__WHAT TO WORK ON__.
Return each line of the data below exactly, omitting any pictures.

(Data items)
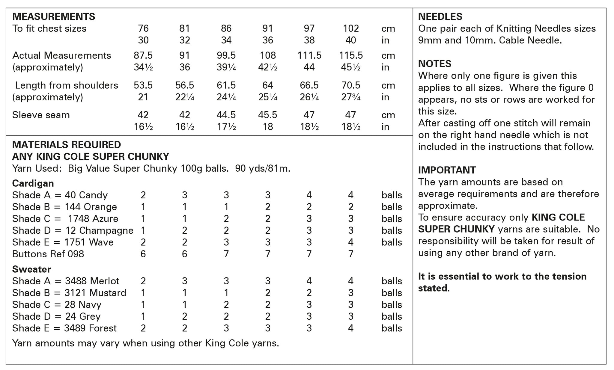 - Please see second image for suggested yarns, needle sizes and quantities required to make the garments
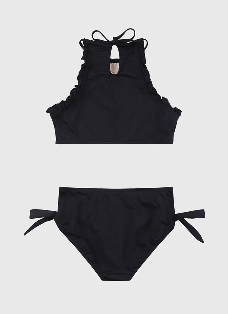 – Adjustable halter neck tie with frill detail and faux tie side pants
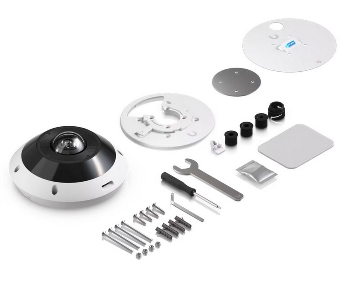Ubiquiti G6 Pro 360 is an outdoor panoramic IP camera from the UniFi Protect series. It is equipped with a 12MP sensor with a resolution of 3504 x 3504 px at 24 fps, a fisheye lens with a 360° field of view, and an intelligent IR illuminator with a range of up to 15 m and 4 controllable zones. The camera is fitted with a 10/100 Mbps Ethernet port, which also serves for power supply via PoE+ 802.3at or passive PoE in the range of 37–57V DC. The maximum power consumption of the camera is 7.14 W. The camera also includes microphons, speaker for two-way communication and a memory card slot.
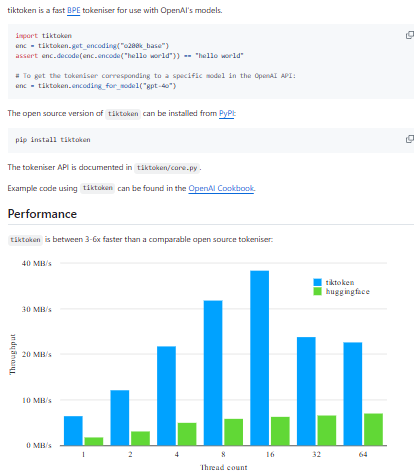 tiktoken is a high-performance, tokenizer library (based on byte-pair encoding, BPE) designed for use with OpenAI’s models. It handles encoding and decoding text to token IDs efficiently, with minimal overhead. Because tokenization is a fundamental step in preparing text for models, tiktoken is optimized for speed, memory, and correctness in model contexts (e.g. matching OpenAI’s internal tokenization). The repo supports multiple encodings (e.g. “cl100k_base”) and lets users switch encoding names to match different model contexts. It also offers extension mechanisms so that custom encodings can be registered. Internally, it includes the core tokenizer logic (often implemented in Rust or efficient lower-level code), APIs for encoding, decoding, and counting tokens, and binding layers to Python (and sometimes other languages) for easy use.
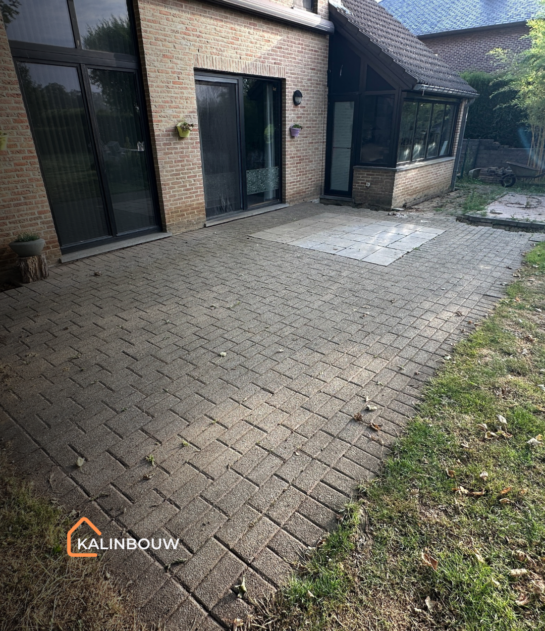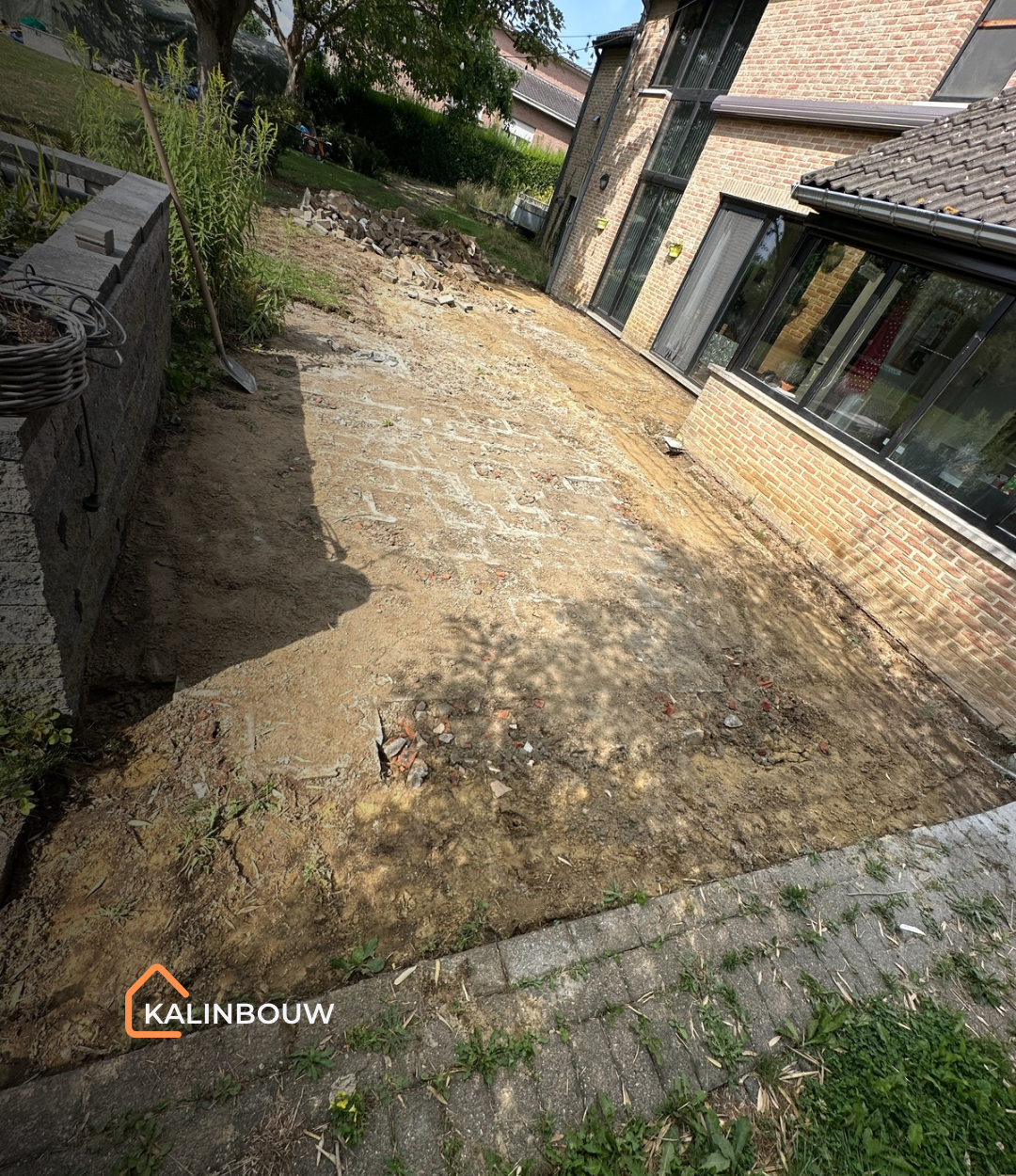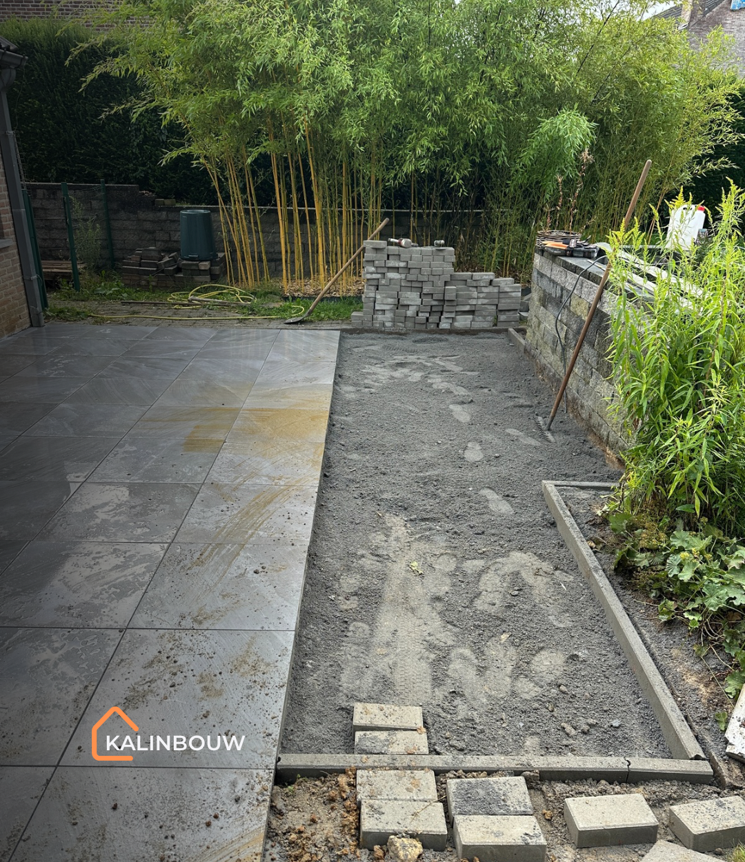 Voor dit project in Tielt-Winge werd een oud terras met betonklinkers volledig vernieuwd, omdat de bestaande bestrating veel onderhoud vereiste en regelmatig last had van onkruid. De opdrachtgevers wensten een nettere uitstraling en een functioneler terras.
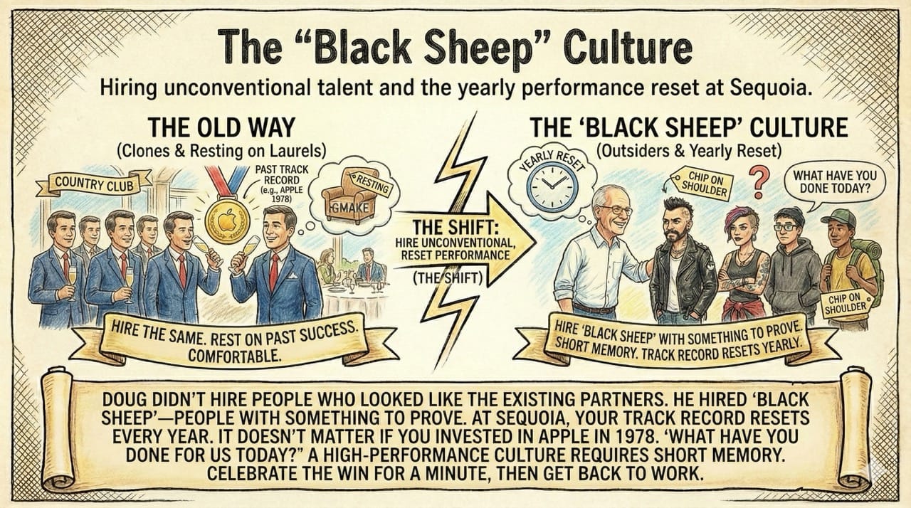 Doug didn't hire people who looked like the existing partners. He hired "Black Sheep"—people with something to prove.
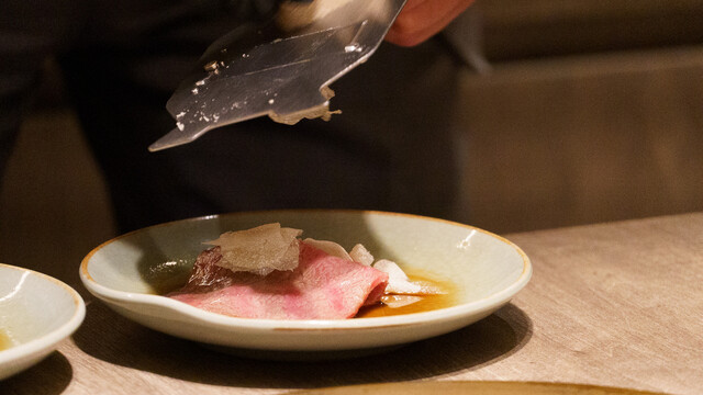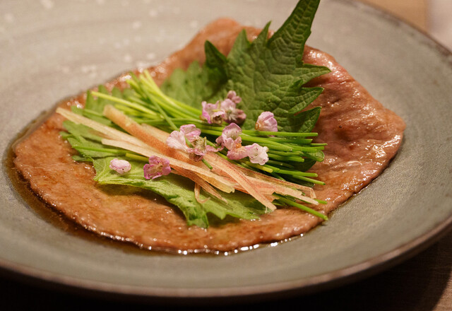 焼の最後は、茗荷や芽葱と合わせてさっぱりと。
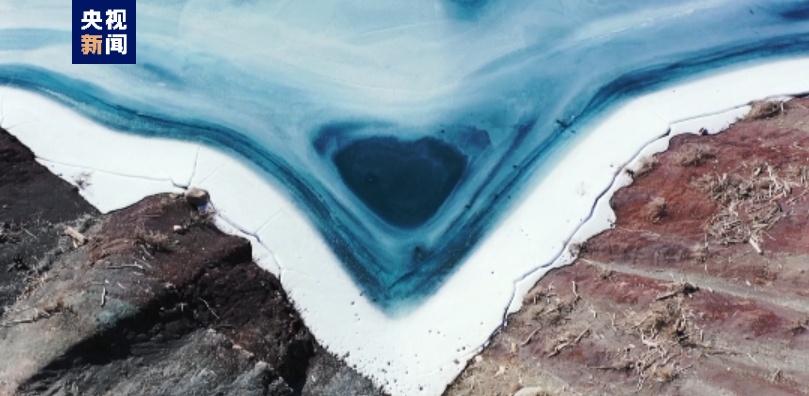 尤其令人驚嘆的是在湖的北邊,融化的湖水形成了一個自然的“海藍(lán)之心”,十分罕見,讓人驚嘆大自然的神奇。

__REPLY__.
 - Please see second image for suggested yarns, needle sizes and quantities required to make the garments
 – Adjustable halter neck tie with frill detail and faux tie side pants
Ubiquiti G6 Pro 360 is an outdoor panoramic IP camera from the UniFi Protect series. It is equipped with a 12MP sensor with a resolution of 3504 x 3504 px at 24 fps, a fisheye lens with a 360° field of view, and an intelligent IR illuminator with a range of up to 15 m and 4 controllable zones. The camera is fitted with a 10/100 Mbps Ethernet port, which also serves for power supply via PoE+ 802.3at or passive PoE in the range of 37–57V DC. The maximum power consumption of the camera is 7.14 W. The camera also includes microphons, speaker for two-way communication and a memory card slot.
 tiktoken is a high-performance, tokenizer library (based on byte-pair encoding, BPE) designed for use with OpenAI’s models. It handles encoding and decoding text to token IDs efficiently, with minimal overhead. Because tokenization is a fundamental step in preparing text for models, tiktoken is optimized for speed, memory, and correctness in model contexts (e.g. matching OpenAI’s internal tokenization). The repo supports multiple encodings (e.g. “cl100k_base”) and lets users switch encoding names to match different model contexts. It also offers extension mechanisms so that custom encodings can be registered. Internally, it includes the core tokenizer logic (often implemented in Rust or efficient lower-level code), APIs for encoding, decoding, and counting tokens, and binding layers to Python (and sometimes other languages) for easy use.
 Voor dit project in Tielt-Winge werd een oud terras met betonklinkers volledig vernieuwd, omdat de bestaande bestrating veel onderhoud vereiste en regelmatig last had van onkruid. De opdrachtgevers wensten een nettere uitstraling en een functioneler terras.
 Doug didn't hire people who looked like the existing partners. He hired "Black Sheep"—people with something to prove.
 焼の最後は、茗荷や芽葱と合わせてさっぱりと。
 尤其令人驚嘆的是在湖的北邊,融化的湖水形成了一個自然的“海藍(lán)之心”,十分罕見,讓人驚嘆大自然的神奇。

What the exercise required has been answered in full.